To translate a QUBO model to an Ising model, we use the following substitution.

$x_i \mapsto 2s_i -1$

Example

$\begin{split}\begin{array}{rcl} f(x)&=&x_1+2x_2+5x_1x_2+7x_1x_3\\ &=&(2s_1-1)+2(2s_2-1)+5(2s_1-1)(2s_2-1)+7(2s_1-1)(2s_3-1)\\ &=&2s_1-1+4s_2-2+20s_1s_2-10s_1-10s_2+5+28s_1s_3-14s_1-14s_3+7\\ &=&-22s_1-6s_2-14s_3+20s_1s_2+28s_1s_3+9 \end{array}\end{split}$

Ising to QUBO

To translate an Ising model to a QUBO model, we use the following substitution.

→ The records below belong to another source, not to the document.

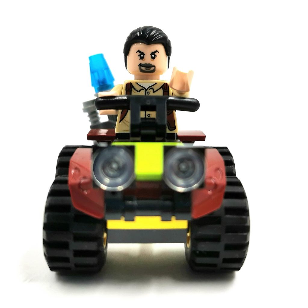 Being only 35 parts, that includes the Minifigure, it’s not a particularly complex build. The main body is based on a 2×6 baseplate, two technic wheel pins and a few 1x2s chucked in for padding and detail. That being said it does the job it is designed for, an All Terrain Vehicle. The wheels are big enough to navigate obstacles within the Minifigure scale World.
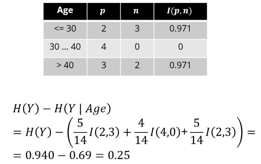 Age를 기준으로 분류하려 한다면, IG는 0.25가 됩니다.
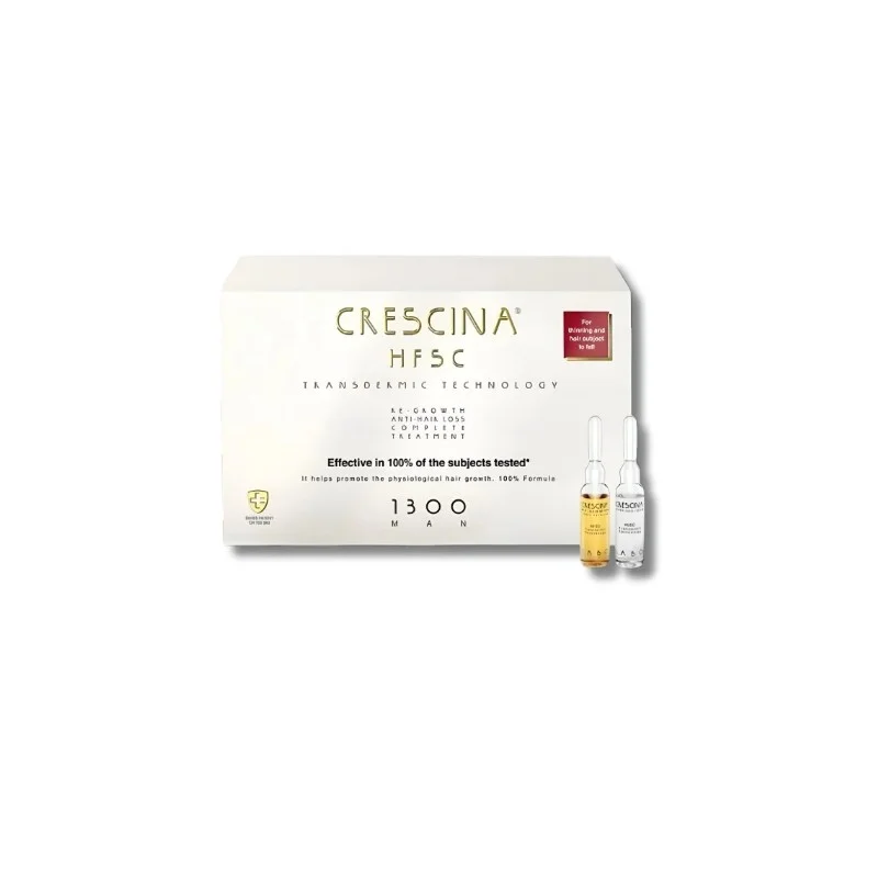 • La boîte contient 10 flacons de Crescina Transdermic Re-Growth HFSC et 10 flacons de Crescina Transdermic Anti-Hair Loss, permettant un traitement complet d’un mois.
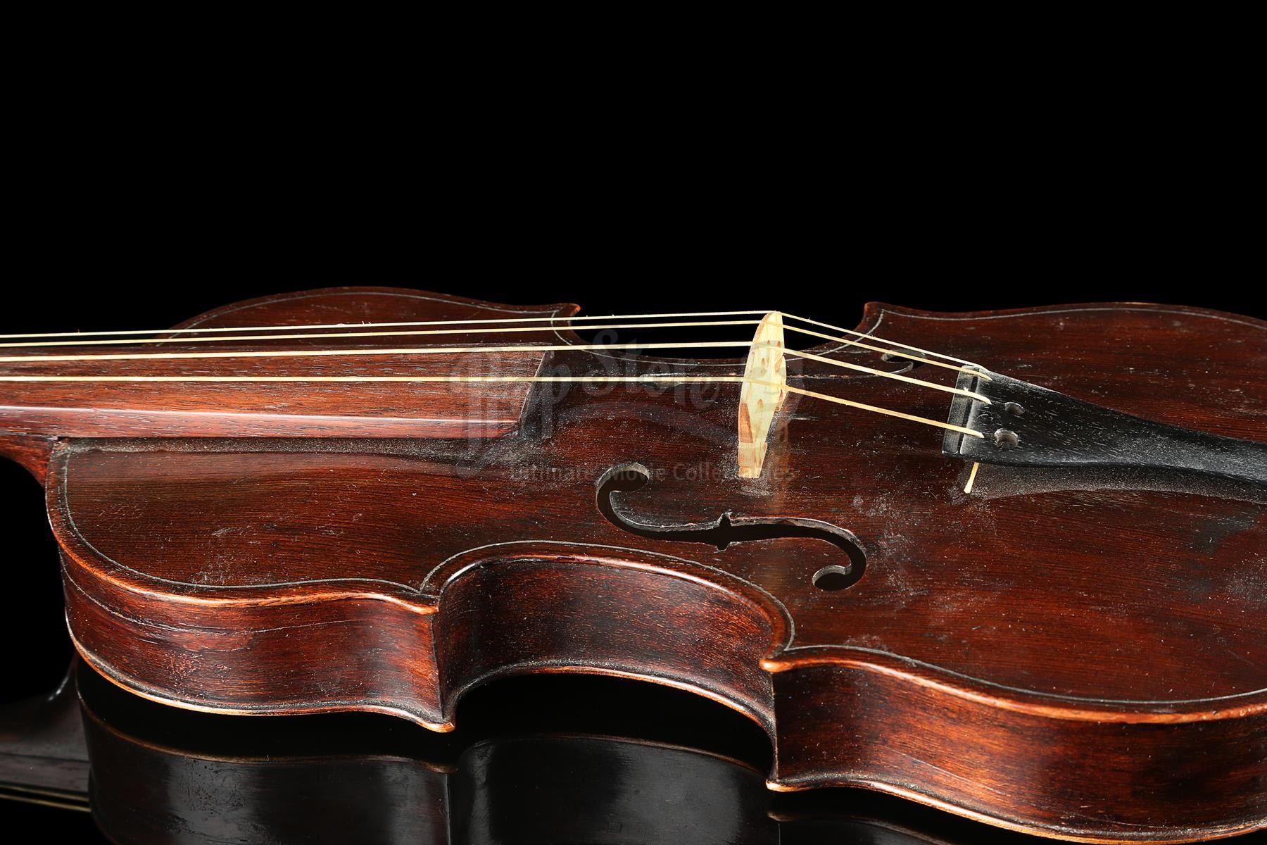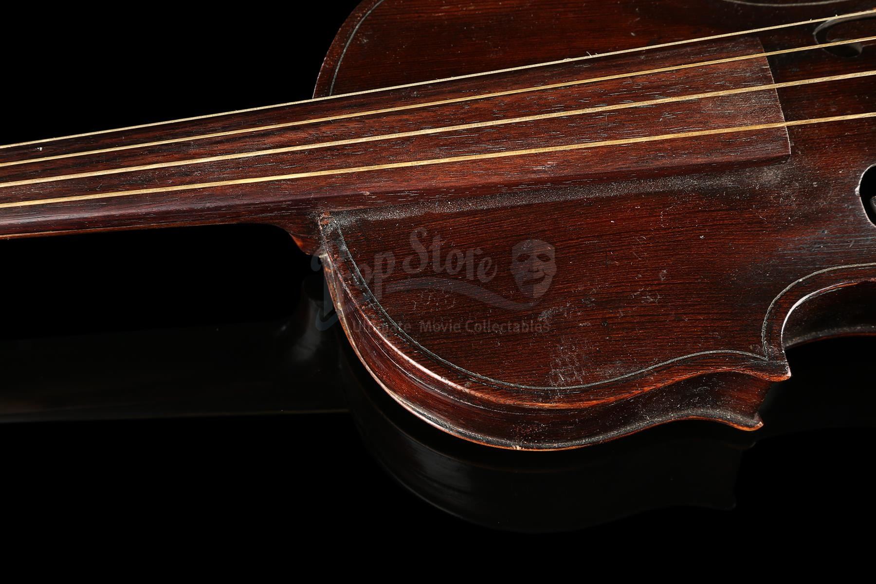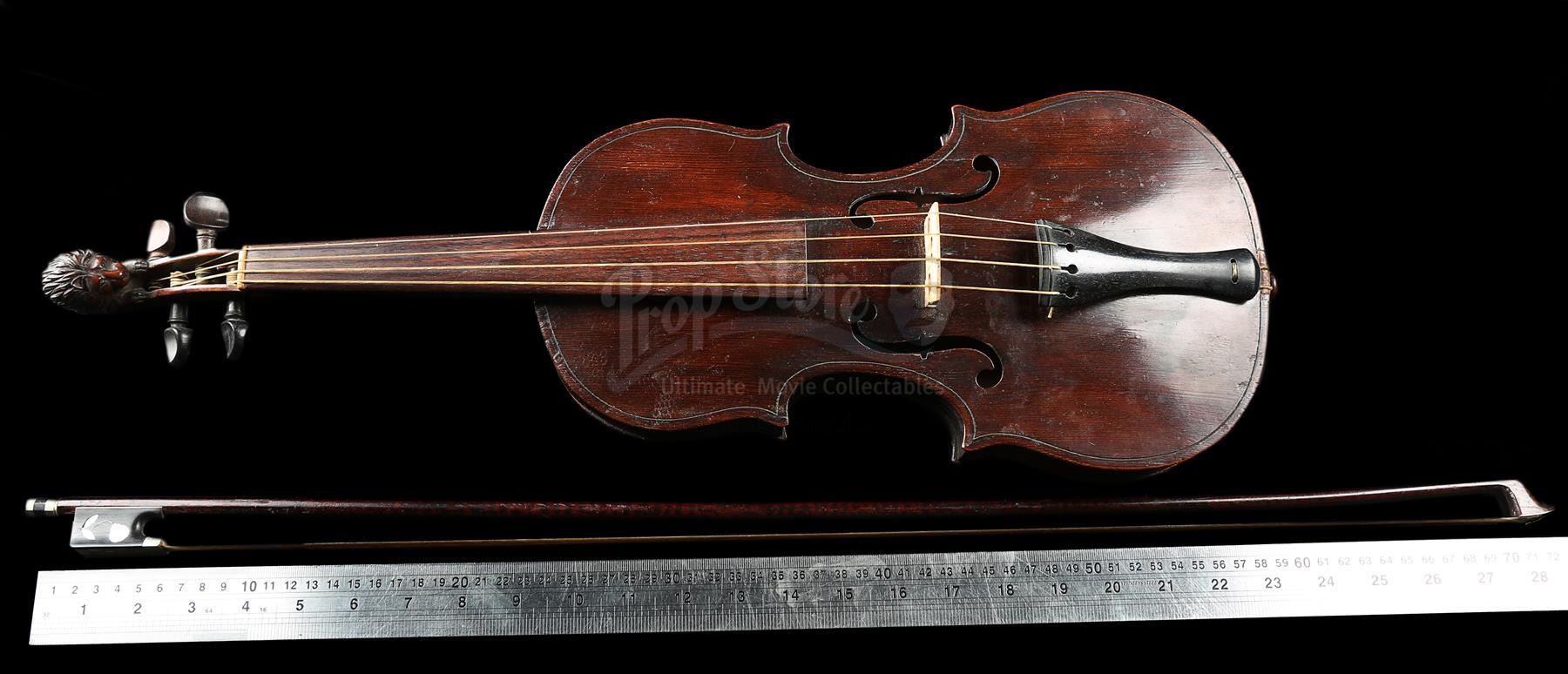 Sherlock Holmes' (Robert Downey Jr.) violin and bow from Guy Ritchie's detective movie Sherlock Holmes. Holmes used his violin in several scenes, including Irene Adler's (Rachel McAdams) visit to request his involvement in a case. The instrument was custom-made for the production and can be screen-matched.

$s_i \mapsto \frac{x_i +1}{2}$

Example

$\begin{split}\begin{array}{rcl} g(x)&=&-22s_1-6s_2-14s_3 + 20s_1s_2+28x_1x_3+9\\ &=&-22\left(\frac{x_1+1}{2}\right)-6\left(\frac{x_2+1}{2}\right)-14\left(\frac{x_3+1}{2}\right) + 20\left(\frac{x_1+1}{2}\right)\left(\frac{x_2+1}{2}\right)+28\left(\frac{x_1+1}{2}\right)\left(\frac{x_3+1}{2}\right)+9\\ &=&-11x_1-11-3x_2-3-7x_3-7+5x_1x_2+5x_1+5x_2+5+7x_1x_3\\ & &+7x_1+7x_3+7+9\\ &=&x_1+2x_2+5x_1x_2+7x_1x_3 \end{array}\end{split}$

### Exercise¶

Convert the following QUBO model to an Ising model.

$x_1+x_1x_2-3x_3+5$

Convert the following Ising model to a QUBO model.

$s_1+s_1s_2-3s_3+5$

## Summary of Key Points¶

• A BQM can contain constant, linear, and quadratic terms, and no higher-order terms.
• We define the coefficients and constant in the expression.
• The solution is the value of each binary variable that minimizes the expression.